Inspect the results database¶

Problem¶

You want to look at what is in the SQLite results database: how many rows completed, what the raw JSON looks like, and whether any rows from your input DataFrame are missing.

Solution¶

From the command line¶

# Count completed rows.
sqlite3 runs/my_results.sqlite "SELECT COUNT(*) FROM results;"

# See the schema.
sqlite3 runs/my_results.sqlite ".schema results"

# Peek at the first five rows.
sqlite3 runs/my_results.sqlite "SELECT row_id, prompt_hash, json_result FROM results LIMIT 5;"

From Python¶

import sqlite3
import json
import pandas as pd

DB = "runs/my_results.sqlite"

with sqlite3.connect(DB) as con:
    # Count rows.
    n = con.execute("SELECT COUNT(*) FROM results").fetchone()[0]
    print(f"Rows in DB: {n}")

    # Peek at one row.
    row = con.execute(
        "SELECT row_id, prompt_hash, json_result FROM results LIMIT 1"
    ).fetchone()
    if row:
        print("row_id     :", row[0])
        print("prompt_hash:", row[1])
        print("json_result:", json.loads(row[2]))

Explanation¶

Schema¶

See the schema in concepts/results-db.md for the full DDL and column descriptions.

row_id is the string form of the value in id_col. json_result is the row dict returned by the model, serialised as JSON. prompt_hash is a 16-character SHA-256 digest of the prompt that produced this row.
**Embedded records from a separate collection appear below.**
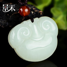景禾 和田玉吊坠 宝宝款如意锁 保平安长命百岁锁小孩玉坠 带证书
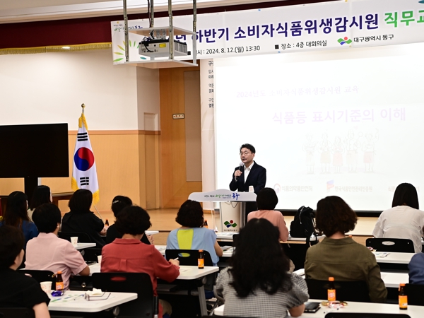 [뉴스서치] 대구 동구청 지난 12일 ‘2024년 하반기 소비자 식품위생감시원 정기교육’을 실시했다고 밝혔다.
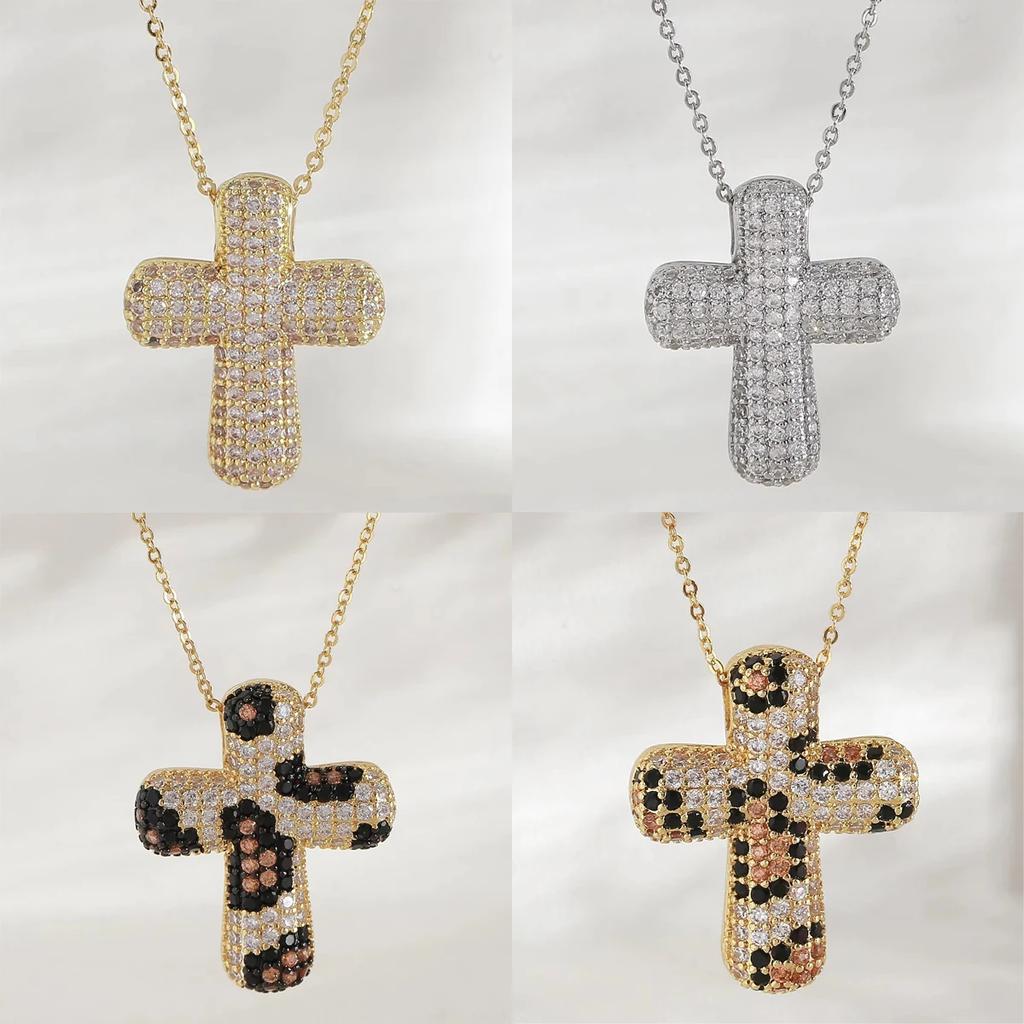 MHS.SUN Luxury Zircon Bubble Cross Pendant Necklace for Women Men Fashion Gold/Silver Color Religious Crosses Jewelry Gift
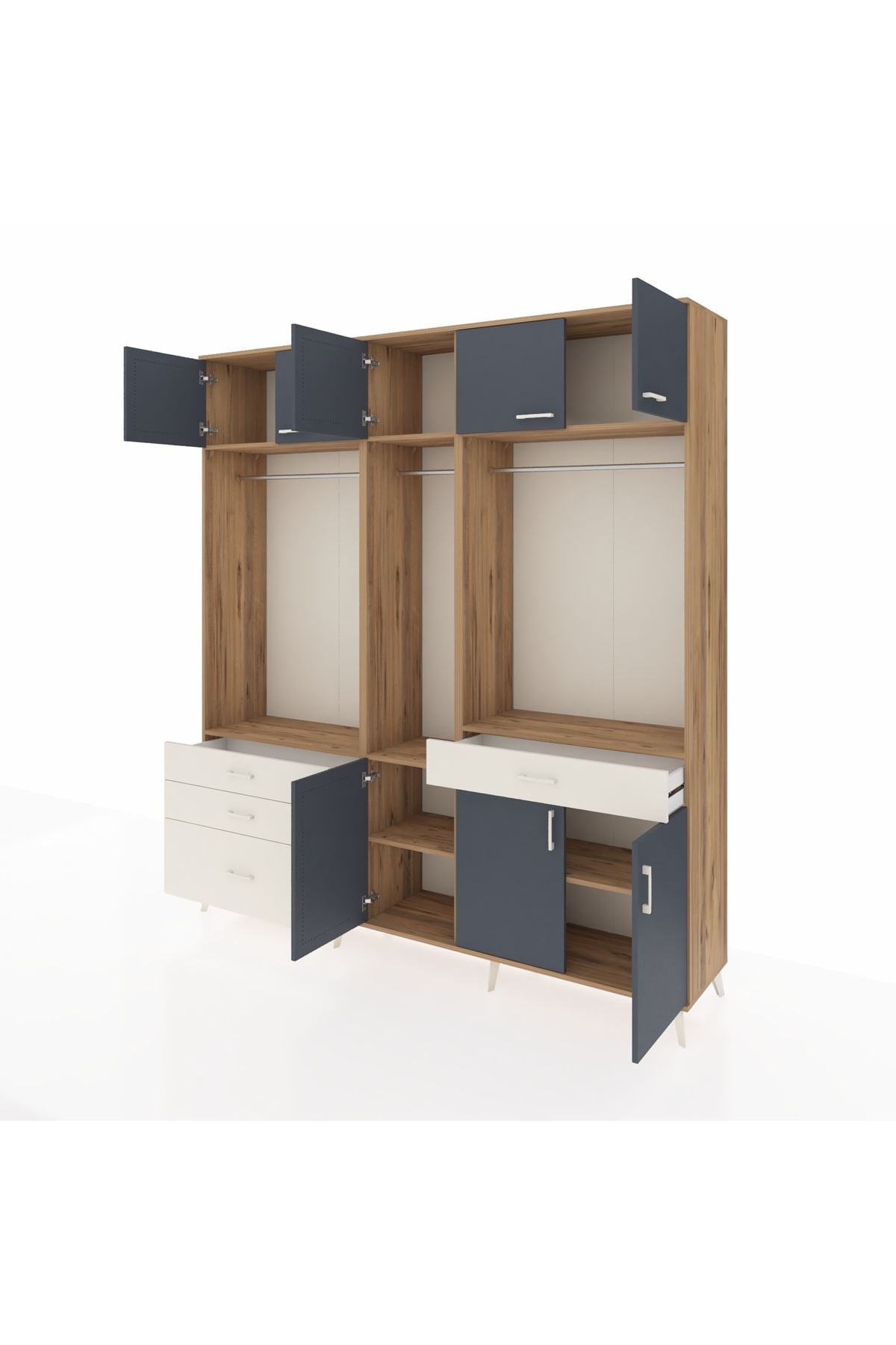 Hyperion Dolap 8 Raflı 4 Çekmeceli 3 Askılı 220x44x243 Çam-Antrasit/Aytaşı
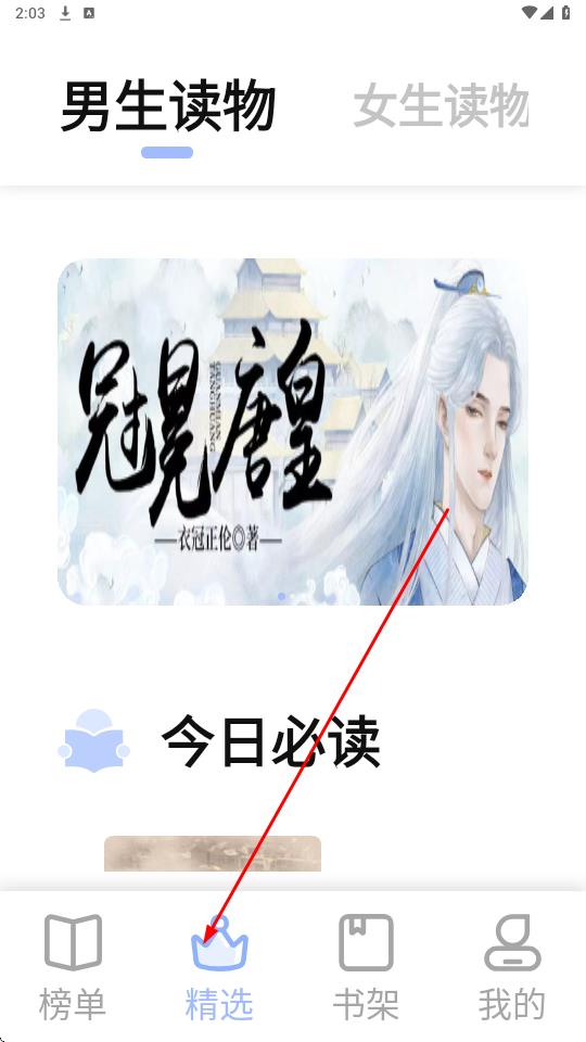 1、打開閱讀APP,點擊底部導(dǎo)航欄中間的精選圖標(biāo),進(jìn)入內(nèi)容推薦頁,頁面頂部設(shè)男生讀物、女生讀物切換標(biāo)簽,當(dāng)前展示男生讀物分區(qū),含書籍封面、今日必讀模塊。
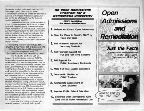 Open Admissions Fact Sheet This trifold pamphlet created by SLAM! debunks myths about remedial classes at CUNY's senior colleges and puts forward arguments for keeping CUNY's open admissions program. It educated students about the history and importance of open admissions at the time that the policy was being reversed by the Board of Trustees and SLAM! was fighting to preserve it. -

Rows migrated from a pre-hash cache have NULL for the hash.

Useful SQL queries¶

-- Count rows.
SELECT COUNT(*) FROM results;

-- Group by prompt hash to see results from multiple prompt versions.
SELECT prompt_hash, COUNT(*) AS n_rows
FROM results
GROUP BY prompt_hash
ORDER BY n_rows DESC;

-- Parse a JSON field inline (SQLite json_extract).
SELECT row_id,
       json_extract(json_result, '$.culture_type') AS culture_type,
       json_extract(json_result, '$.tone')         AS tone,
       json_extract(json_result, '$.confidence')   AS confidence
FROM results
LIMIT 10;

-- Find rows with a specific value.
SELECT row_id, json_result
FROM results
WHERE json_extract(json_result, '$.tone') = 'negative';

Loading the cache into a DataFrame¶

Option A: via SqliteCache

import pandas as pd
from pathlib import Path
from lmsyz_genai_ie_rfs import SqliteCache

cache = SqliteCache(Path("runs/my_results.sqlite"))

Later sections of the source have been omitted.